ABOUT THIS TASK →
Return the listing below exactly, with the pictures dropped.

RAW DATA →
=== Section Start ===
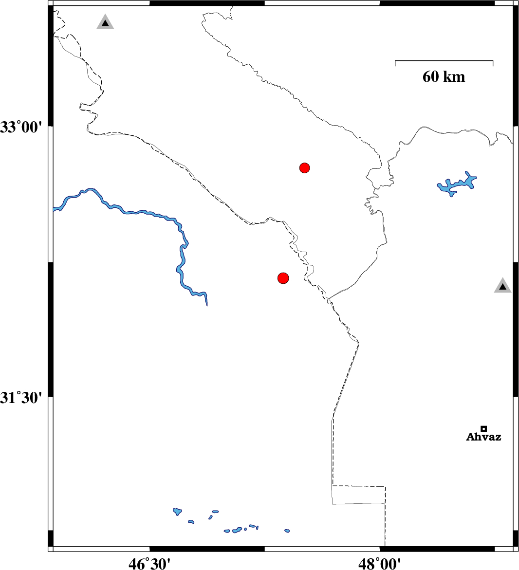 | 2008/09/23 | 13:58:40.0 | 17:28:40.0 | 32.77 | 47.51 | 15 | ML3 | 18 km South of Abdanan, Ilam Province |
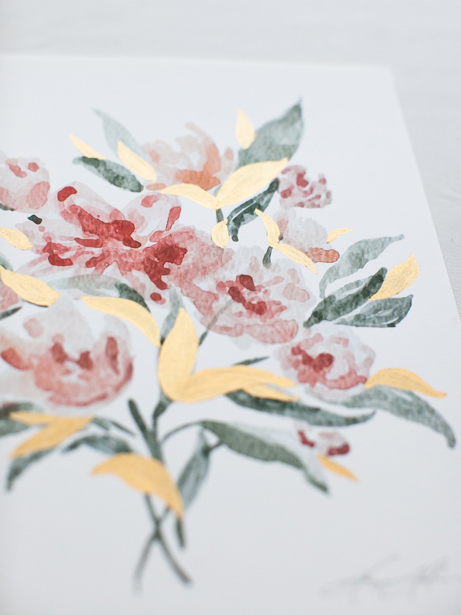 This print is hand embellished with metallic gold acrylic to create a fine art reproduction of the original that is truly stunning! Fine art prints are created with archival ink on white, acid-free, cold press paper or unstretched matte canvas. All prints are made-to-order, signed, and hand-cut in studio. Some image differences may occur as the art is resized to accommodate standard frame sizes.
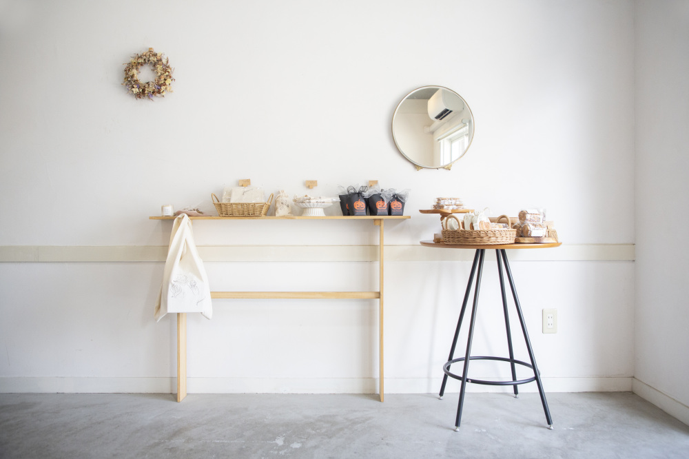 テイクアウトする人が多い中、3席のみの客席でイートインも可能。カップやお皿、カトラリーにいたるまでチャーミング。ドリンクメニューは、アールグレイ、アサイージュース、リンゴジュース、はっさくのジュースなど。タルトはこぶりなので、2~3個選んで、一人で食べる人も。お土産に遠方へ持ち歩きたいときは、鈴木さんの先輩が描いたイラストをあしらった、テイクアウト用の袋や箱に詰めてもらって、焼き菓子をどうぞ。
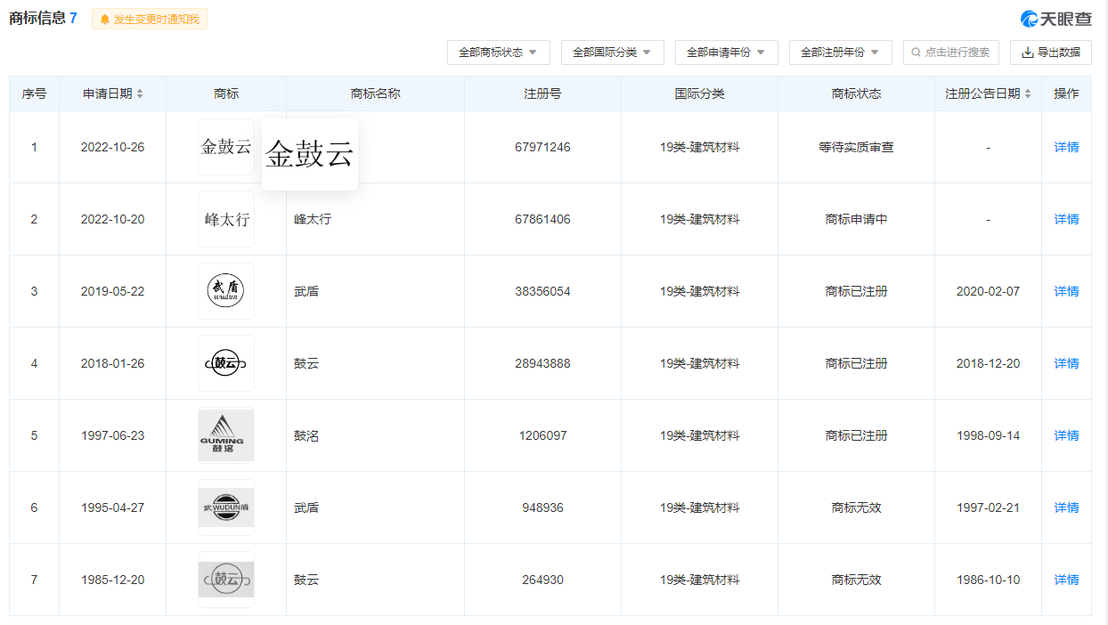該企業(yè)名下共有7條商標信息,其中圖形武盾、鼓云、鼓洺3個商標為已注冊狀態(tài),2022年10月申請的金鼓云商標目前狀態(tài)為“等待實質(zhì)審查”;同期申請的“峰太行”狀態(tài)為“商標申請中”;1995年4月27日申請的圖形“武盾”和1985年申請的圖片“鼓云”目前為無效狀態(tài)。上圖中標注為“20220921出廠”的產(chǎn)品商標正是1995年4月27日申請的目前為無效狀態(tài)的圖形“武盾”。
=== Section End ===
OUTPUT FOR THIS TASK →
 | 2008/09/23 | 13:58:40.0 | 17:28:40.0 | 32.77 | 47.51 | 15 | ML3 | 18 km South of Abdanan, Ilam Province |
 This print is hand embellished with metallic gold acrylic to create a fine art reproduction of the original that is truly stunning! Fine art prints are created with archival ink on white, acid-free, cold press paper or unstretched matte canvas. All prints are made-to-order, signed, and hand-cut in studio. Some image differences may occur as the art is resized to accommodate standard frame sizes.
 テイクアウトする人が多い中、3席のみの客席でイートインも可能。カップやお皿、カトラリーにいたるまでチャーミング。ドリンクメニューは、アールグレイ、アサイージュース、リンゴジュース、はっさくのジュースなど。タルトはこぶりなので、2~3個選んで、一人で食べる人も。お土産に遠方へ持ち歩きたいときは、鈴木さんの先輩が描いたイラストをあしらった、テイクアウト用の袋や箱に詰めてもらって、焼き菓子をどうぞ。
該企業(yè)名下共有7條商標信息,其中圖形武盾、鼓云、鼓洺3個商標為已注冊狀態(tài),2022年10月申請的金鼓云商標目前狀態(tài)為“等待實質(zhì)審查”;同期申請的“峰太行”狀態(tài)為“商標申請中”;1995年4月27日申請的圖形“武盾”和1985年申請的圖片“鼓云”目前為無效狀態(tài)。上圖中標注為“20220921出廠”的產(chǎn)品商標正是1995年4月27日申請的目前為無效狀態(tài)的圖形“武盾”。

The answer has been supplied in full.